***** DATASET EXTRACT *****

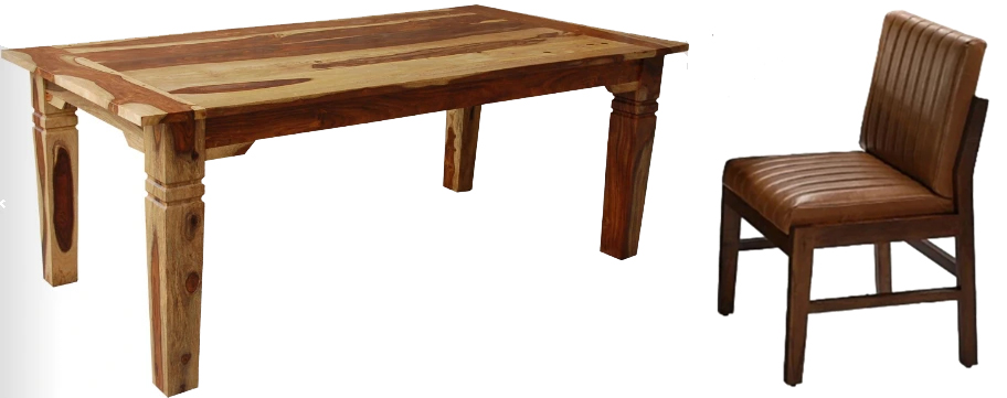 The Tahoe group is constructed of sheesham timber in a water-resistant lacquer sealed natural finish. This table features a planked top with perpendicular end boards, a notched apron and stout double notched legs.Read More
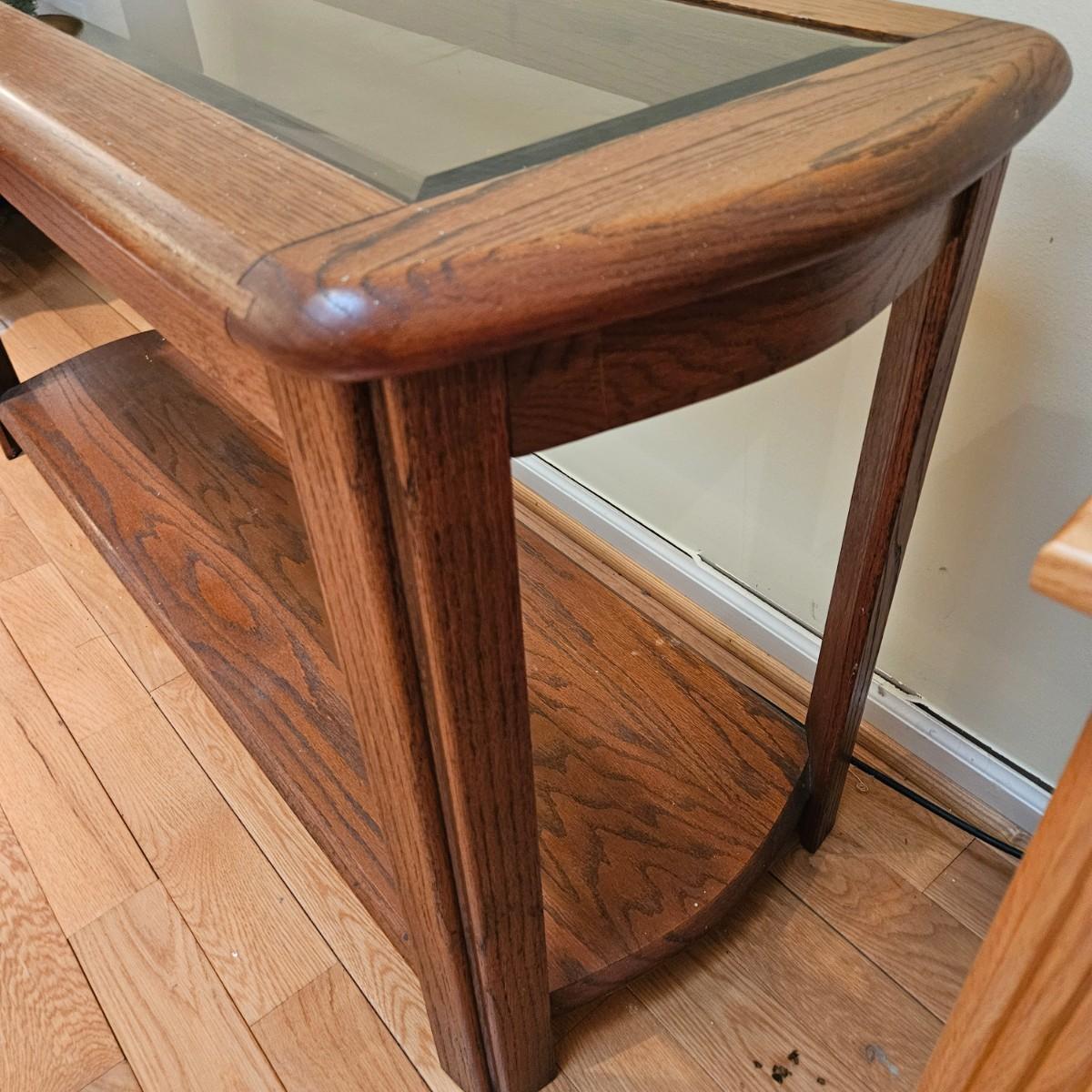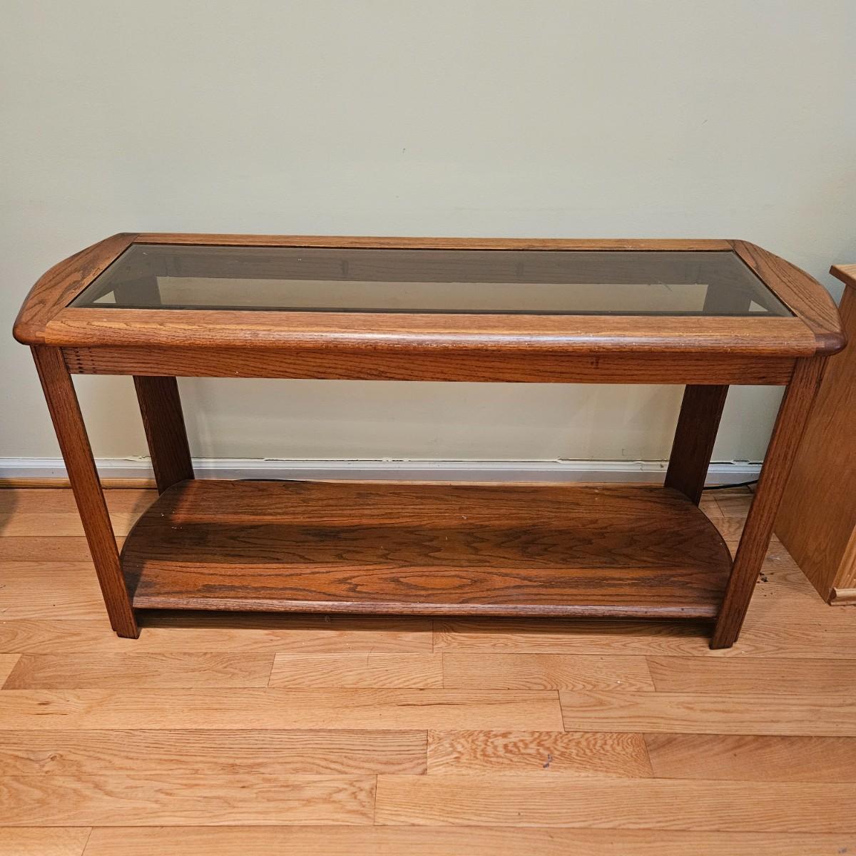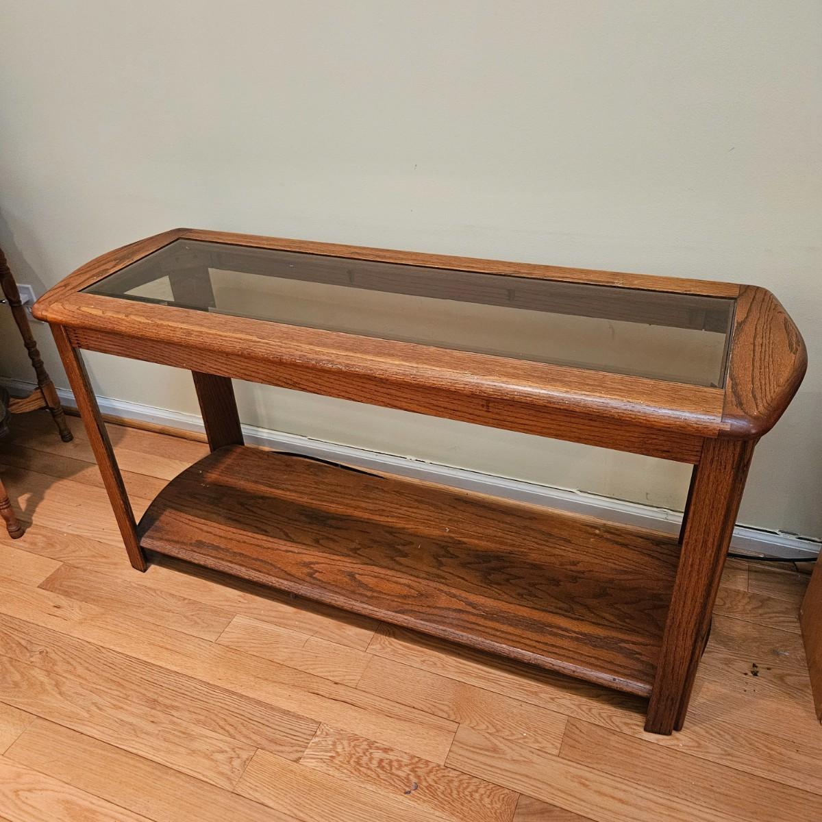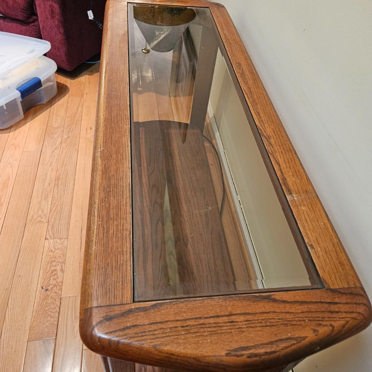 A console table made of oak with a beveled glass insert. It measures approximately 52" x 18.5" x 26"H. There are some paint flecks and minor blemishes. Local pickup only
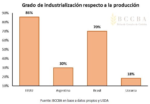 Argentina cuenta con un elevado nivel de industrialización respecto a la soja, pero en lo que al maíz respecta, la industrialización alcanza en promedio un 30% de la producción. Dentro de los principales países productores del cereal, Estados Unidos industrializa el 86% de lo cosechado y Brasil el 70%.
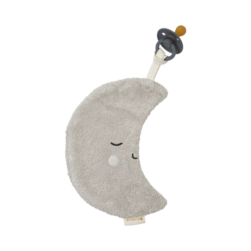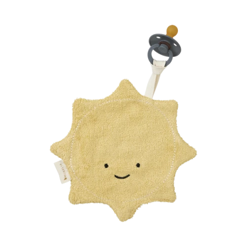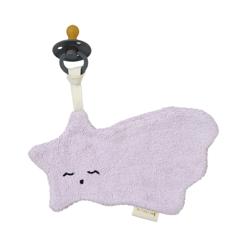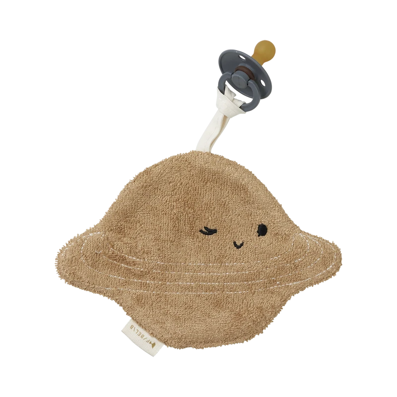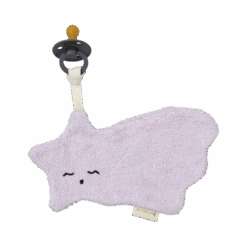 When needed, clip off the pacifier and let the baby play and cuddle made of a soft bambus cotton blend.
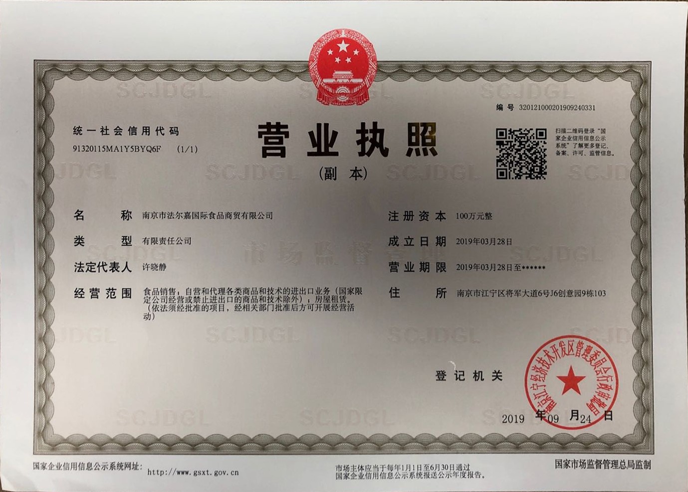 - 经营范围:食品销售;自营和代理各类商品和技术的进出口业务(国家限定公司经营或禁止进出口的商品和技术除外),房屋租赁(依法须经批准后方可开展经营活动)
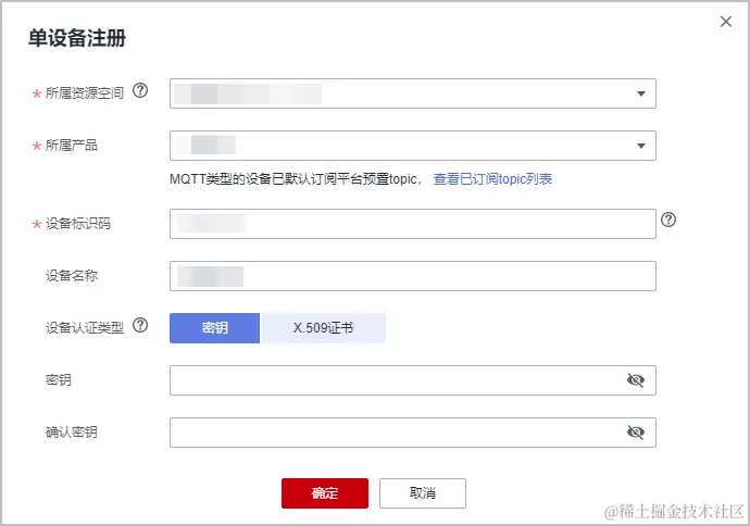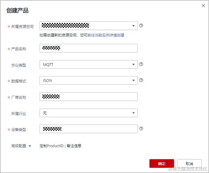 2、根据页面提示填写参数,然后单击“确认”,完成产品的创建。
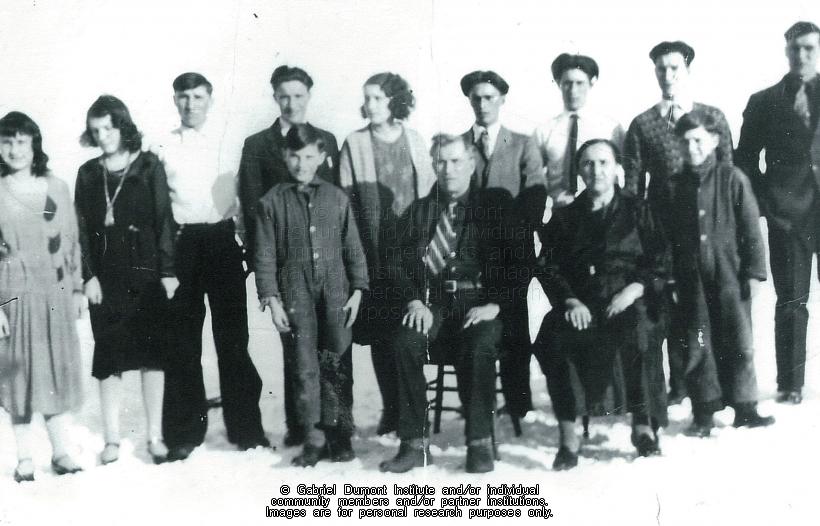 | Description: | This photograph is of Frédéric and Exerine (née Lejour) Dumont’s family in 1935. Back row, right to left, oldest child to the youngest: Norman Raymond, Eugene Victor, Albert, Evariste Alexandre, Marie Cecile, Lawrence James (father of Mavis Dumont), Samuel Logan, Emma Stella, Mary Theresa. Front row, right to left: William Allen, Marie Zepherine (aka Exerine) Dumont (née Lejour), August, Frédéric. Frédéric was the son of Isadore (Cha-pi-to-la-ta) and Judith (née Parenteau) Dumont. This image was donated by Mavis Dumont |
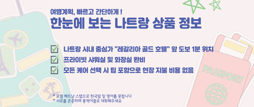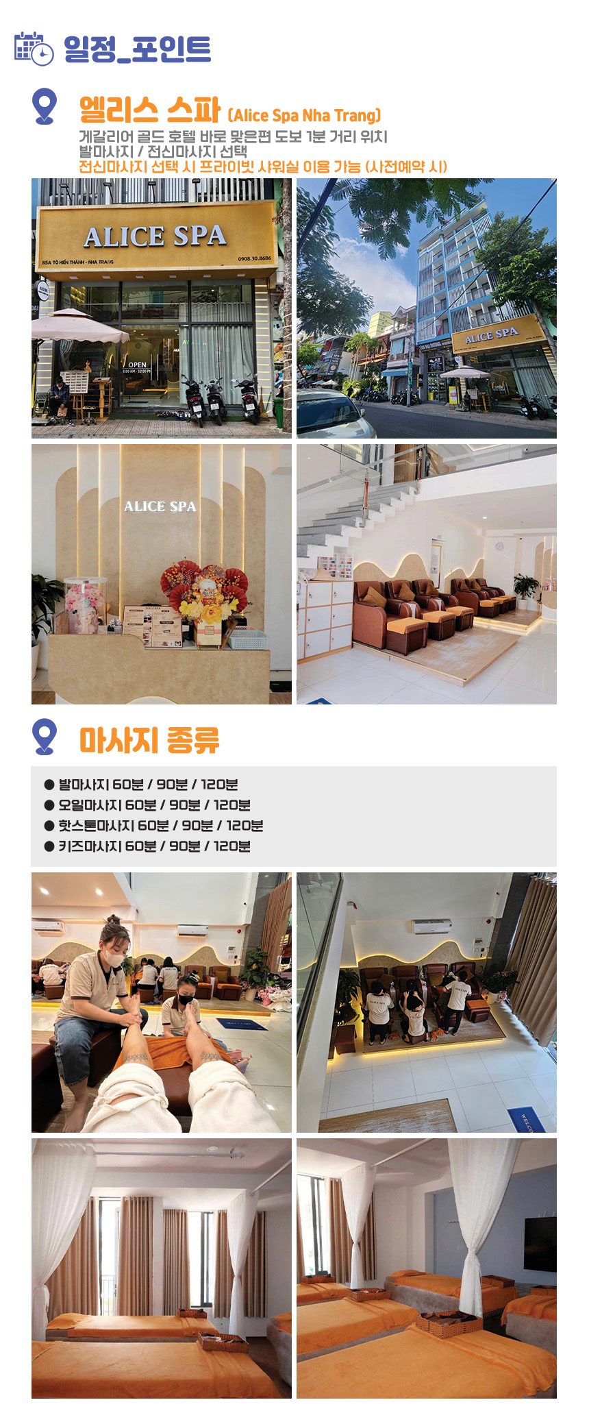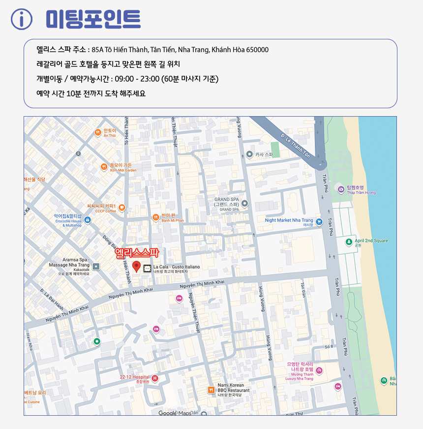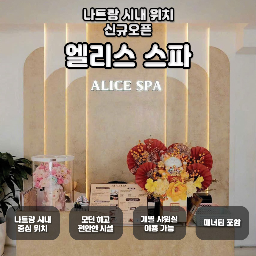 나트랑의 푸른 활기 속에 자리 잡은 평온한 안식처, '엘리스 스파'를 소개합니다. 나트랑 시내의 중심, 레갈리아 골드 호텔 바로 맞은편에 위치한 이곳은 여행의 설렘 뒤에 찾아오는 기분 좋은 노른함을 완벽한 휴식으로 바꾸어주는 공간입니다. 도보 1분 거리의 뛰어난 접근성은 물론, 모던하고 깔끔한 인테리어가 발을 들이는 순간부터 마음을 차분하게 진정시켜 줍니다. 소중한 사람과 함께, 혹은 나만을 위한 온전한 충전의 시간을 엘리스 스파에서 경험해 보세요.
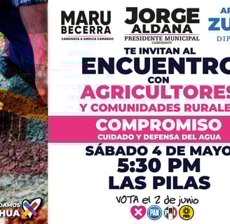 Camargo.- 3 de mayo del 2024. Estarán presentes la candidata a Síndico Maru Becerra y el candidato a diputado local Arturo Zubía.
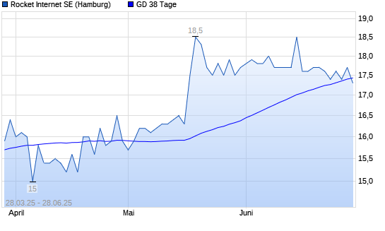 Mit dem Rücksetzer auf 17,30 EUR hat die Rocket Internet-Aktie am 27.06.2025 die 38-Tage-Linie nach unten gekreuzt.
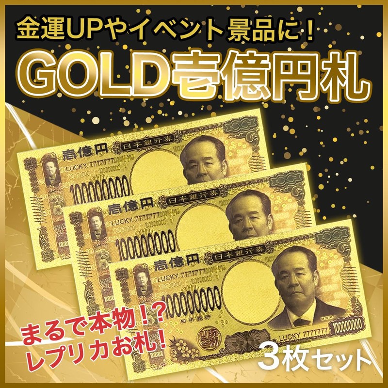 LIGHT PLANET Gold Bills, Set of 3, Replica, 10,000 Yen, New Money Luck Up, Gold, Feng Shui Money Lucky Amulet, Good Luck Item, Money Luck Bills (100 Million Yen)
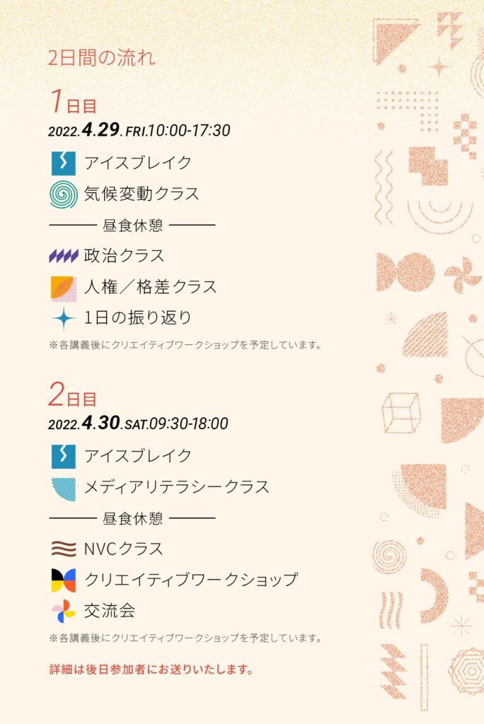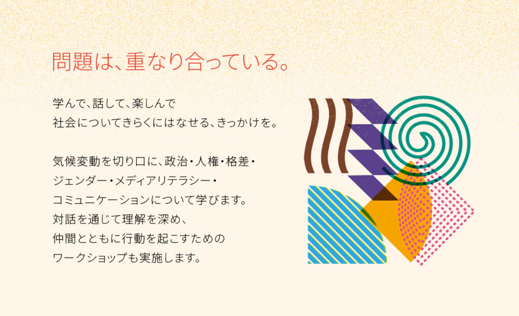 気候変動を切り口に政治・人権・格差・ジェンダー・メディアリテラシー・コミュニケーションについて学び、行動を起こすためのワークショップも実施する2日間の15~24歳の学生向けイベントが開催されます。
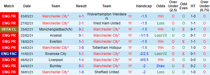 + Thống kê 10 trận gần nhất của Man City
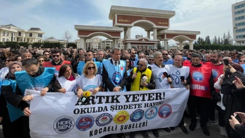 Şanlıurfa’nın Siverek ilçesinde bir lisede yaşanan silahlı saldırıya tepki gösteren Kocaeli’deki eğitim sendikaları iş bırakma eylemi gerçekleştirdi. Çok sayıda öğretmen, İzmit’te bir araya gelerek saldırıyı protesto etti.
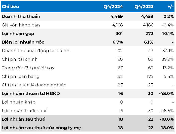 Tuy nhiên, áp lực từ chi phí đã khiến lợi nhuận sụt giảm mạnh. Chi phí bán hàng tăng hơn 9% lên 192 tỷ đồng do sản lượng tiêu thụ tăng và giá cước vận chuyển leo thang. Đáng chú ý, chi phí tài chính tăng vọt 90% lên 168 tỷ đồng, chủ yếu do chi phí lãi vay tăng và ảnh hưởng từ biến động tỷ giá. Kết quả là lợi nhuận sau thuế quý 4 chỉ đạt 18.4 tỷ đồng, giảm 18% so với cùng kỳ.
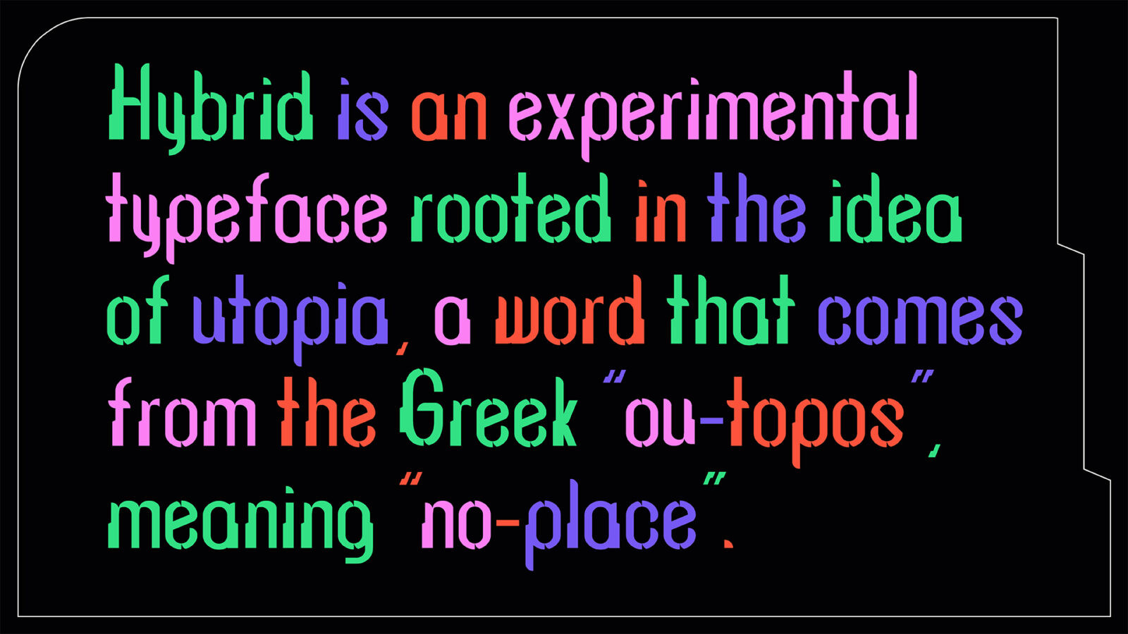 Hybrid is an experimental typeface rooted in the idea of utopia — a word that comes from the Greek ou-topos, meaning “no-place.” Thomas More coined the term in the 16th century to describe an ideal society that, by definition, does not exist and perhaps never will. Over time, many thinkers have reinterpreted utopia not just as a perfect world, but as a way to imagine new possibilities for the future. With this in mind, Hybrid was born from exploring different visions of utopia, bringing together visual form, philosophy, and technological speculation.
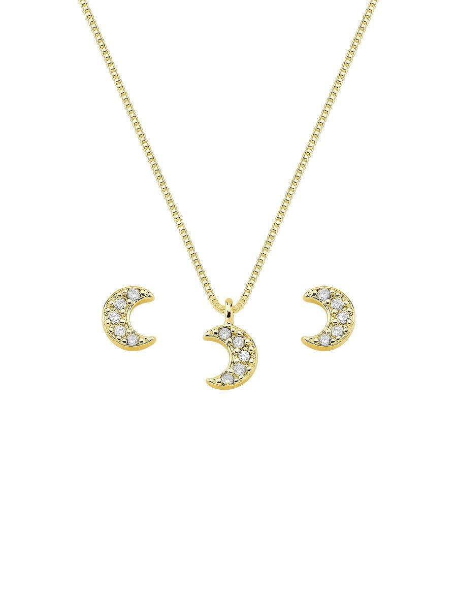 Conjunto Lua Cravejada Banhado a Ouro 18K.Semijoias cravejadas são sinônimo de luxo e delicadeza, trazendo um toque de sofisticação para qualquer mostruário. Com pedras minuciosamente cravejadas, elas oferecem um brilho único, refletindo sofisticação e exclusividade. Semijoias cravejadas são verdadeiros ícones no mundo da moda, sendo tendência constante entre os acessórios mais desejados. Além da beleza visual, nossas peças cravejadas são produzidas com materiais de alta durabilidade, garantindo que cada detalhe mantenha seu brilho e acabamento impecável por muito mais tempo.

*****

## WORK TASK
Repeat, exactly and in full, each line from the start of the data to the line that contains "A console table". Pictures do not go in.

## REPLY TO THE TASK
 The Tahoe group is constructed of sheesham timber in a water-resistant lacquer sealed natural finish. This table features a planked top with perpendicular end boards, a notched apron and stout double notched legs.Read More
 A console table made of oak with a beveled glass insert. It measures approximately 52" x 18.5" x 26"H. There are some paint flecks and minor blemishes. Local pickup only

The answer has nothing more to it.